I knew I had to make myself do something, so I went out walking every morning. But they were very lonely walks.
My family supported me and gave me their loyalty, as did my friends. But they were all busy with their own lives as well, And I needed to be independent.
Sorting through the junk mail in my letterbox one day, I noticed a small local area info booklet. It contained several snippets of useful information, so I kept it. On leafing through it again later I noticed an article which mentioned Befriend – and that if you felt like a coffee and a chat, to go along to a local cafe at 11.30 a.m. on the following Tuesday. I didn’t think I would go, but on the day I reasoned that I could go to the cafe and see what happened – after all, I didn’t have to stay or say anything if I didn’t like the look of it. No-one would know, no-one knew me. It was a turning point. I quietly said to the staff member behind the counter that I thought there might be a meeting held there that morning. Someone on a nearby table called out to me, beckoning, and said “over here, come and sit down.” That was a lady, who two years later, is now one of my best friends. I sat down, and during the various conversations going on, people introduced themselves to me, my coffee was brought over for me – and from that time on I had something different to look forward to. Not all were single, some married or in a partnership, and just wanted to get out and have some different company and chat. For me, it wasn’t people I had gone to school with, or who had been work colleagues.It opened up another, completely new, source of friendship, from many varied backgrounds and circumstances.

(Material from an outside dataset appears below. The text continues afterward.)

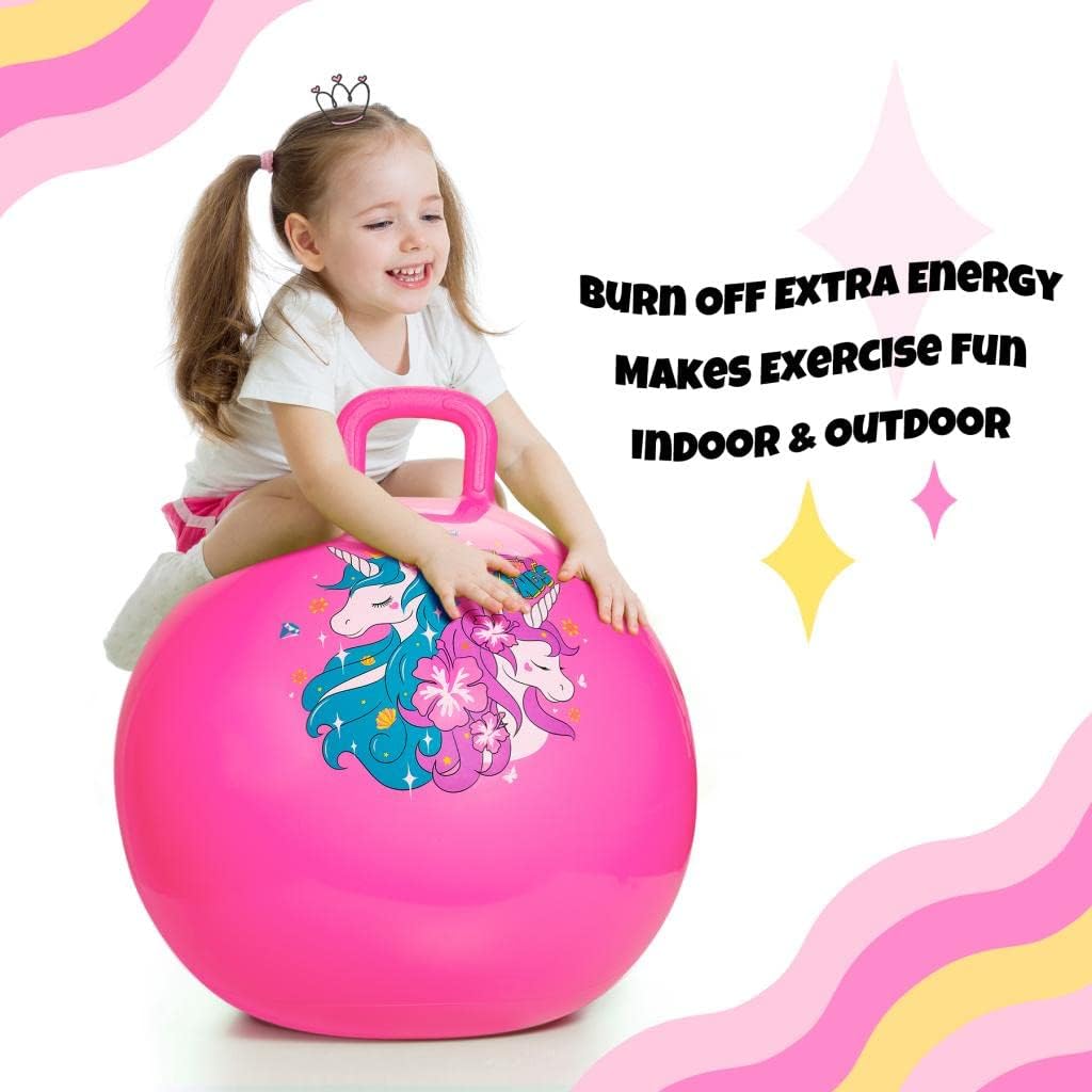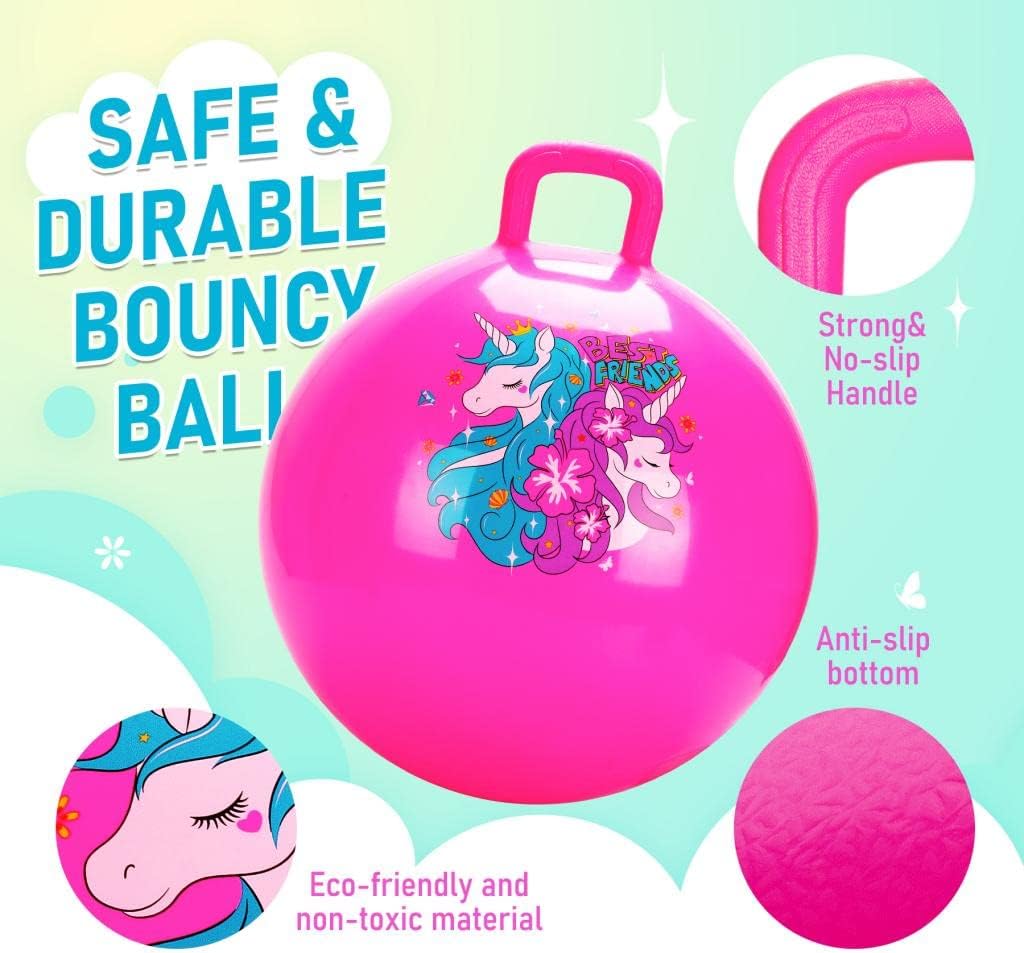 Palla per saltare: U&C Planet Space Hopper viene fornito con 2 unicorni di colore rosa e il manico solido può essere facilmente afferrato per godersi il tempo felice. Antiscivolo: la nostra palla rimbalzante è realizzata in materiale resistente e la parte inferiore antiscivolo strutturata offre ai bambini una maggiore sicurezza. Giocattoli per rimbalzare per bambini: la palla rimbalzante multifunzionale porterà ai bambini un divertimento infinito mentre imparano a bilanciare e coordinare saltando al ritmo. Jumping Balls incoraggiano i bambini ad allenarsi mentre si divertono; peso massimo utente 150 kg. Facile da gonfiare: Space Hopper con una pompa manuale inclusa è davvero conveniente per voi con i bambini hanno un gioco istantaneo. Regalo perfetto per i bambini: regalo perfetto per i bambini in tutte le occasioni come Natale, compleanno, Halloween, festa dei bambini e altre festività.

Through this regular, weekly coffee group meeting, I have made several friends with whom I have enjoyed outings and activities, sometimes going on day trips, Christmas outings, picnics, etc.
I’m sure this has been the basis of my being able to come through such a difficult and traumatic time, and it has helped towards making a new life. It takes effort and patience and a willingness to try different things when, sometimes, you’d rather just not get out of bed in the morning.